In divided Peru, Castillo says looking to form pluralistic gov’t

Peruvian President-elect Pedro Castillo’s victory is confirmed after weeks of uncertainty that fuelled deep divisions.

Leftist school teacher Pedro Castillo raises his arms from the balcony of the Peru Libre party headquarters in Lima, following the official proclamation of his victory as Peru's next president [Gian Masko/AFP]

Peru’s President-elect Pedro Castillo has said he would be looking to form a pluralistic government, in his first remarks to reporters after his election victory was confirmed in the deeply divided South American nation.

The leftist teachers’ union leader said on Tuesday that he plans to form a “work team” made up of people from different political persuasions.

Peru’s electoral jury confirmed Castillo’s narrow victory over right-wing rival Keiko Fujimori on Monday, more than six weeks after a presidential runoff that further polarised the country, which has been hard hit by COVID-19 and has seen years of political instability.

“We are making a call to all experts and technicians, to the most distinguished and committed people in the country,” said Castillo, who will be inaugurated next week.

“We are structuring a work team and I see there are also people who are interested in contributing to support this government, from all across the political spectrum.”

The results of the runoff were delayed as Fujimori had alleged – without any evidence – that the vote was plagued by widespread voter fraud. Her legal team had sought to disqualify thousands of votes.

But international observers including the Organization of American States (OAS) said they found no evidence of serious irregularities.

Fujimori – the daughter of ex-President Alberto Fujimori, jailed for human rights abuses – said she would accept the result, but repeated her claim that Castillo had stolen votes to win and called on her supporters to mobilise to “defend democracy”.

Castillo has said he wants to increase spending on healthcare and education by raising funds from mining tax increases. His plans have resonated in a country with the highest per capita death toll from COVID-19 and wide gaps between rural and urban wealth.

But experts have said many of his policies – and his plan to implement them – remain unclear.
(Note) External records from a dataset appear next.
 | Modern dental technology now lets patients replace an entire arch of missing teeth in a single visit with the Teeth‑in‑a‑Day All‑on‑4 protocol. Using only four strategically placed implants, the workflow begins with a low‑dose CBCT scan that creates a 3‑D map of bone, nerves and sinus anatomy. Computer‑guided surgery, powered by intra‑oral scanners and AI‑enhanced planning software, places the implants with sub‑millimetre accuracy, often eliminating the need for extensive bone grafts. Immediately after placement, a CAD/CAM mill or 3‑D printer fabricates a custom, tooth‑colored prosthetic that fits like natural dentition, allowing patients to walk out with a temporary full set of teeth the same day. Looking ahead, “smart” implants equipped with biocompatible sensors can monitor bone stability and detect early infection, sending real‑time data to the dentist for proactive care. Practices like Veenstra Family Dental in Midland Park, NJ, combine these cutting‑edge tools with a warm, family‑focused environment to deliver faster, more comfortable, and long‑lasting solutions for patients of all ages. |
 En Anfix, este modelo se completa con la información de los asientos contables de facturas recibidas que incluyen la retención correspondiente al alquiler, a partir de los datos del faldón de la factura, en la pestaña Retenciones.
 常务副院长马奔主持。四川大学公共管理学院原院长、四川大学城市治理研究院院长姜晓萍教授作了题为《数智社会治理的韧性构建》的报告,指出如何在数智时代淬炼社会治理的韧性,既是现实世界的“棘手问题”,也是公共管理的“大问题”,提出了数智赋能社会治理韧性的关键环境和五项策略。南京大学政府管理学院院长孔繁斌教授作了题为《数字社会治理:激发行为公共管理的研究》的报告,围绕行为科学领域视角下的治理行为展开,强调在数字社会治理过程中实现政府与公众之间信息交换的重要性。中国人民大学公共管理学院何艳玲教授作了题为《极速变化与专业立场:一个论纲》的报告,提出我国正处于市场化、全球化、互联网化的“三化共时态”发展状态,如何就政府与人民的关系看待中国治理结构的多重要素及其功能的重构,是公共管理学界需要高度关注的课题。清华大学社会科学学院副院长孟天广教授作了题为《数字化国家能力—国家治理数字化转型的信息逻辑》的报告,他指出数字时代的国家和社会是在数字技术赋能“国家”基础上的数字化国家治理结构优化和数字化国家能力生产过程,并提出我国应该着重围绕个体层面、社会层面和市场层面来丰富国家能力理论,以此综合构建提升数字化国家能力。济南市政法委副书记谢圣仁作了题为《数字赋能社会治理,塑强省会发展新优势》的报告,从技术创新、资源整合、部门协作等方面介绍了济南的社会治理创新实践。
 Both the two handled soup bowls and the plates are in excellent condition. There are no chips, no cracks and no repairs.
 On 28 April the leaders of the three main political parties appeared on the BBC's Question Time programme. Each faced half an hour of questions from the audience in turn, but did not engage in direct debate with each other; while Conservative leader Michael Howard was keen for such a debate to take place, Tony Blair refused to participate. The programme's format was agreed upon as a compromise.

“Even after being elected, Castillo remains an unknown,” Gonzalo Banda, a political scientist at Peru’s Catholic University of Santa Marta, told Al Jazeera before the official results were announced on Monday.

Castillo is expected to face other hurdles, especially in Peru’s unicameral parliament, where his party will have 37 legislators out of the 130 members while Fujimori’s Popular Force party will have 24 seats, the second biggest bloc.

Peru has seen large protests in recent weeks from both Castillo and Fujimori supporters. Castillo’s backers had urged the electoral authorities to respect the will of the Peruvian people, while Fujimori’s wanted an investigation into their preferred candidate’s fraud allegations.

“I ask for calm and serenity from the Peruvian people. That’s not just the government’s responsibility but also that of all Peruvians,” Castillo said.

He must soon announce his cabinet and appointments to key ministries.